Find the line below with "1 Haustier/Hund erlaubt." and the line with "- Dient zur". Output exactly those lines and everything between them, leaving out the pictures.
===== DATA FOR THIS TASK =====
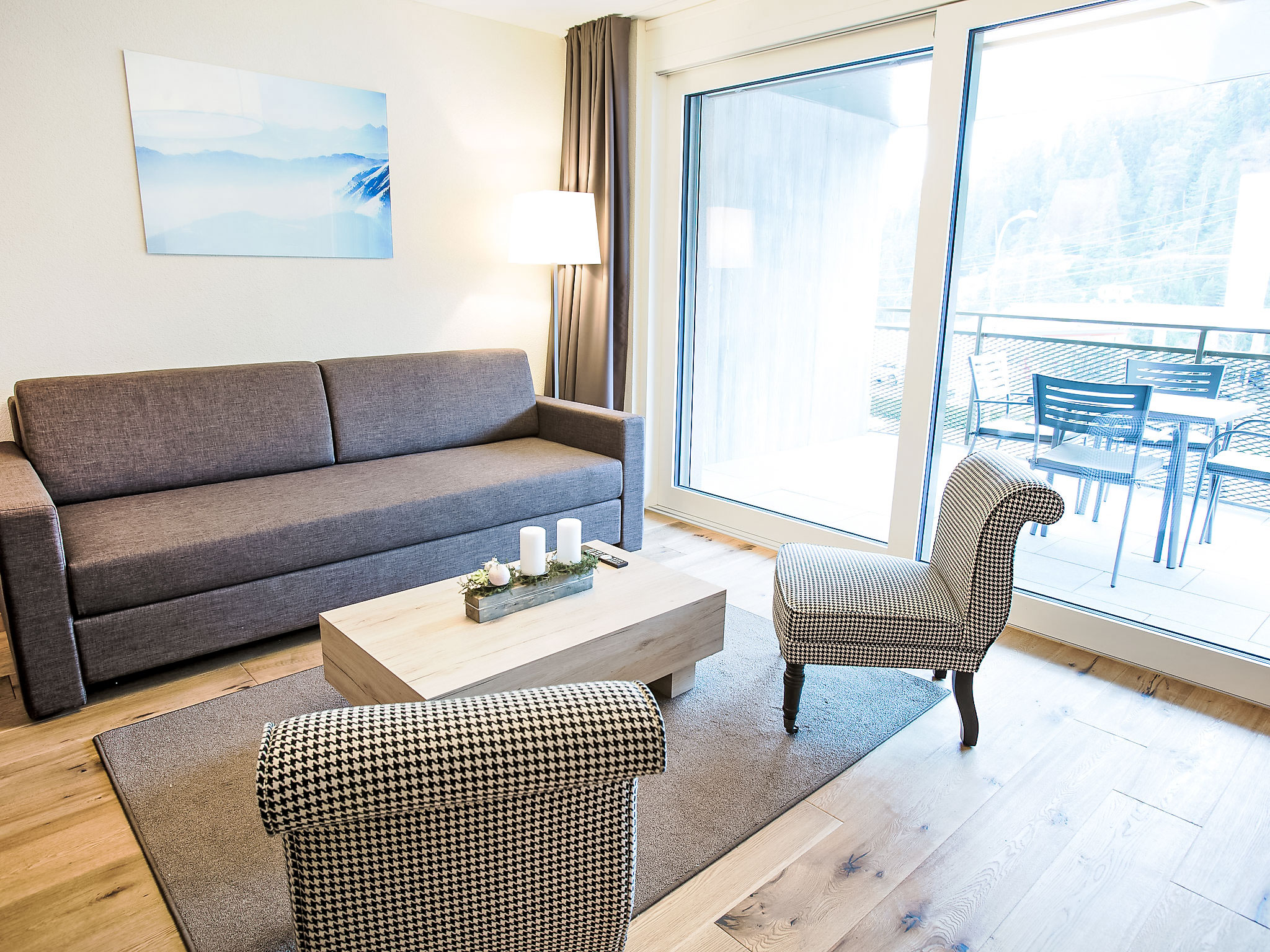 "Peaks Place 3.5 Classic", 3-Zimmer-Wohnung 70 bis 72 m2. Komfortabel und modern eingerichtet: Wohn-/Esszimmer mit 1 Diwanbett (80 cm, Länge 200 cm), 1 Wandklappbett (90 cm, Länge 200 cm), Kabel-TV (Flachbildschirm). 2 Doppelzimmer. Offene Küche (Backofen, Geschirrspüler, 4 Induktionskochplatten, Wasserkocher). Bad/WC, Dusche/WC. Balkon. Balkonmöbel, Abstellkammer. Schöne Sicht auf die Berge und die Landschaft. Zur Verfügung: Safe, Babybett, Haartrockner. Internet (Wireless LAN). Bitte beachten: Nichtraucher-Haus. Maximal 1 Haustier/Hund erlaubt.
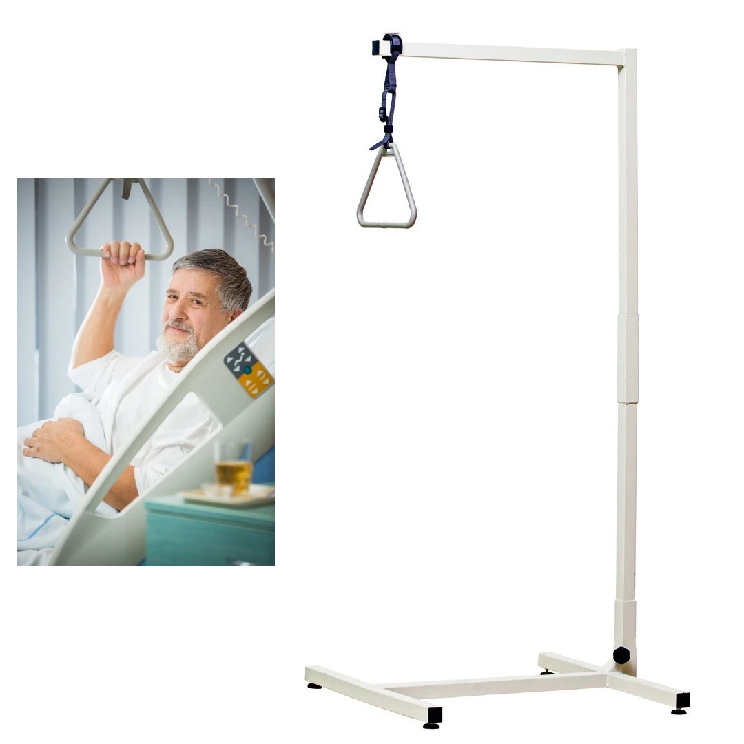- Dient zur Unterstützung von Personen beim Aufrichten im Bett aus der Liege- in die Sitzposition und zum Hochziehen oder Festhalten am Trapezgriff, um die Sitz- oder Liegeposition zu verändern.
=====
===== DATA FOR THIS TASK =====
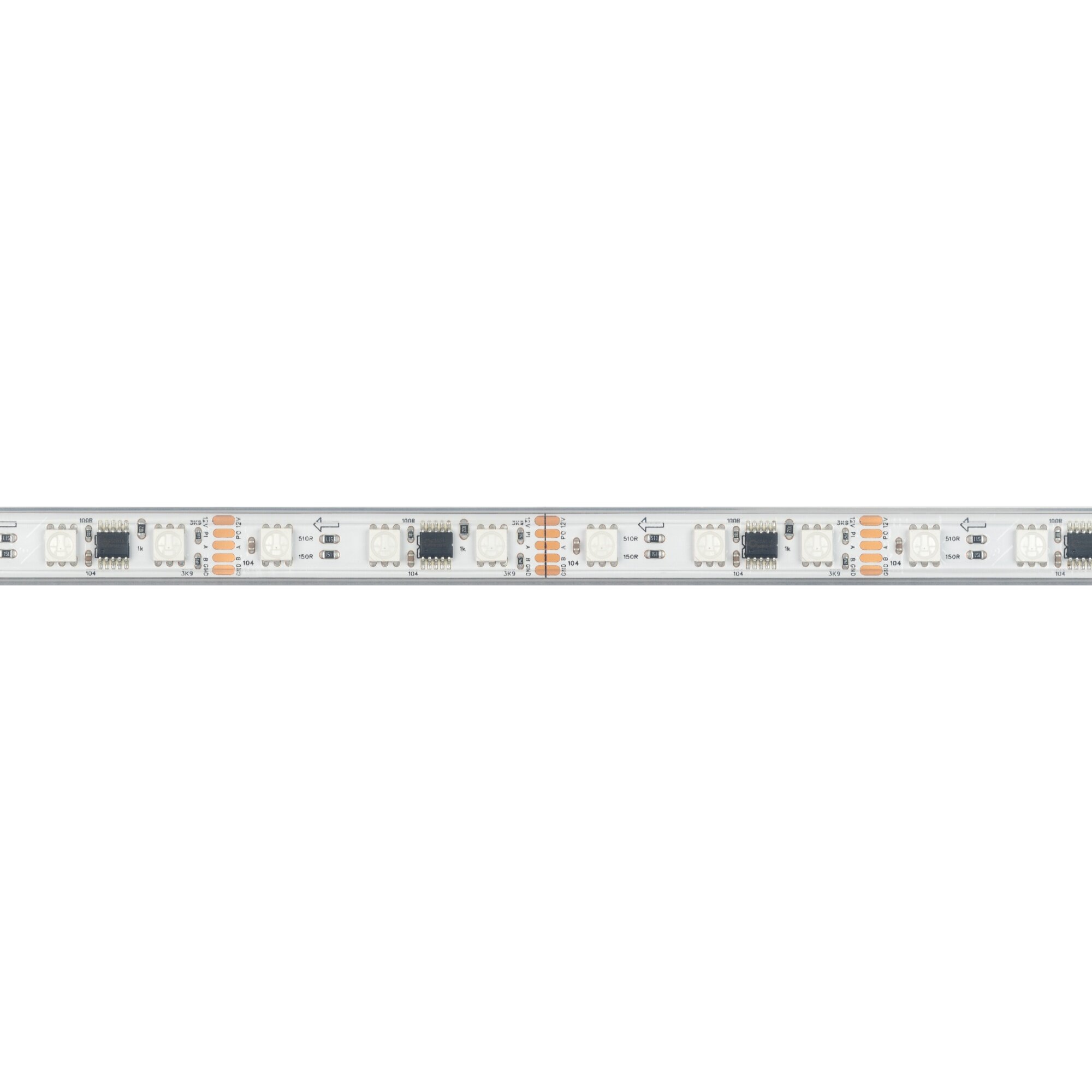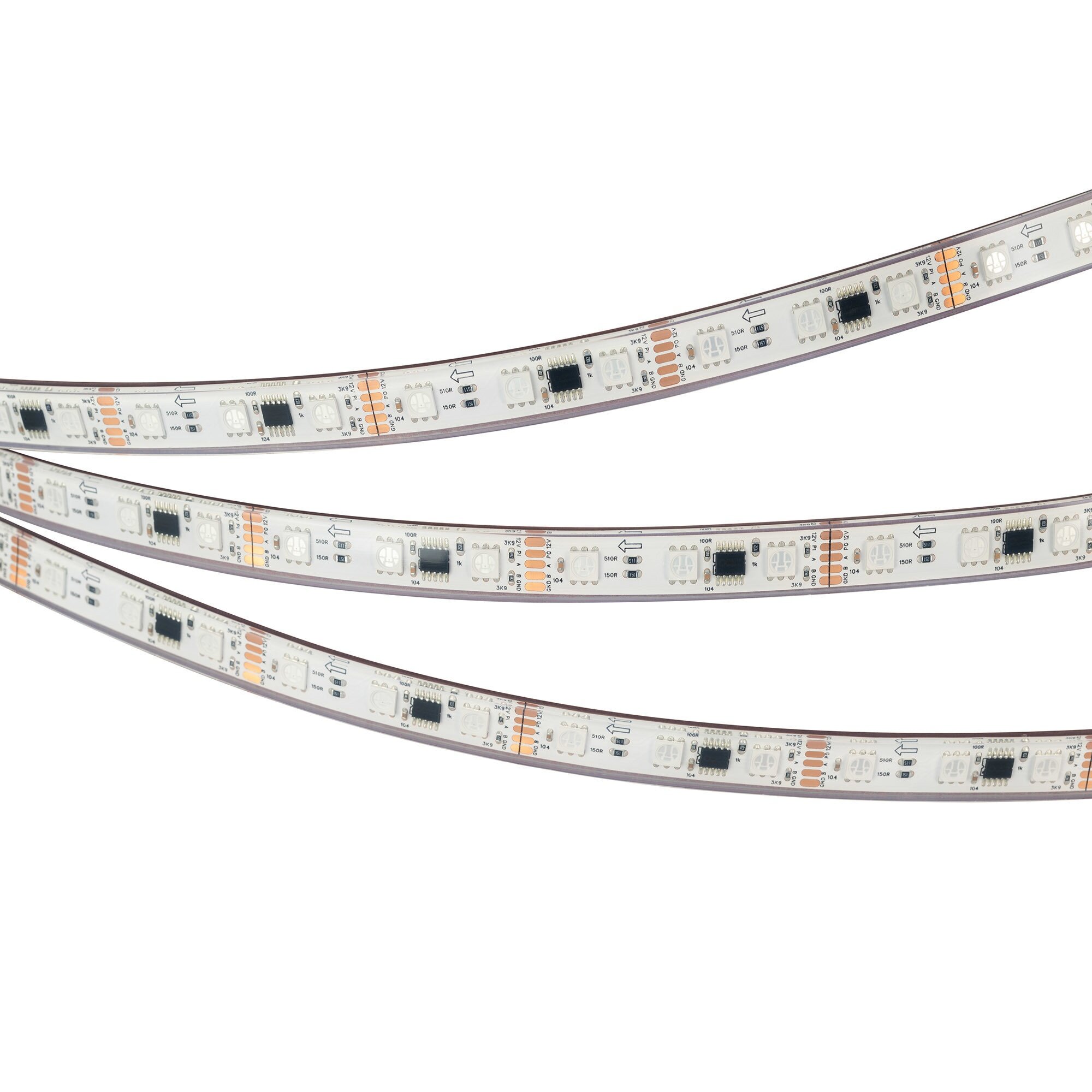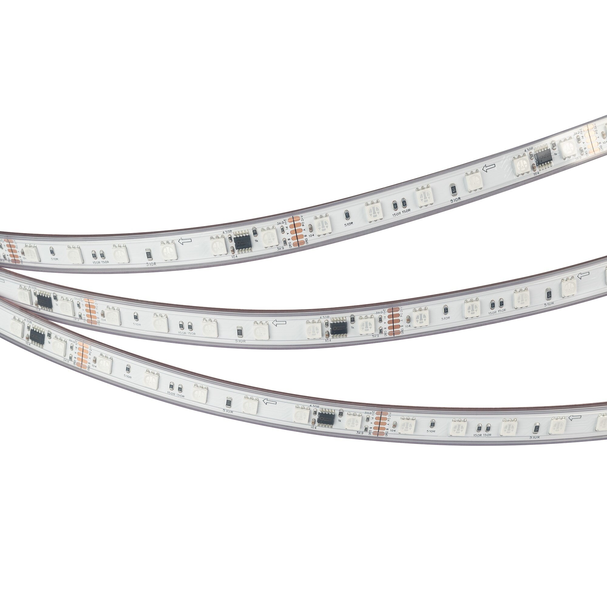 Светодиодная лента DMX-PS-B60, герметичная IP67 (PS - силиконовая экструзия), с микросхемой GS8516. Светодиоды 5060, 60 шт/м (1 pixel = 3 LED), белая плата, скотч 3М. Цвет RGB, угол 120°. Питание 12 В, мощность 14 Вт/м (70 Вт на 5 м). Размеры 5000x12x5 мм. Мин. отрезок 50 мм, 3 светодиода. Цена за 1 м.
=====
## RESPONSE AREA
 "Peaks Place 3.5 Classic", 3-Zimmer-Wohnung 70 bis 72 m2. Komfortabel und modern eingerichtet: Wohn-/Esszimmer mit 1 Diwanbett (80 cm, Länge 200 cm), 1 Wandklappbett (90 cm, Länge 200 cm), Kabel-TV (Flachbildschirm). 2 Doppelzimmer. Offene Küche (Backofen, Geschirrspüler, 4 Induktionskochplatten, Wasserkocher). Bad/WC, Dusche/WC. Balkon. Balkonmöbel, Abstellkammer. Schöne Sicht auf die Berge und die Landschaft. Zur Verfügung: Safe, Babybett, Haartrockner. Internet (Wireless LAN). Bitte beachten: Nichtraucher-Haus. Maximal 1 Haustier/Hund erlaubt.
- Dient zur Unterstützung von Personen beim Aufrichten im Bett aus der Liege- in die Sitzposition und zum Hochziehen oder Festhalten am Trapezgriff, um die Sitz- oder Liegeposition zu verändern.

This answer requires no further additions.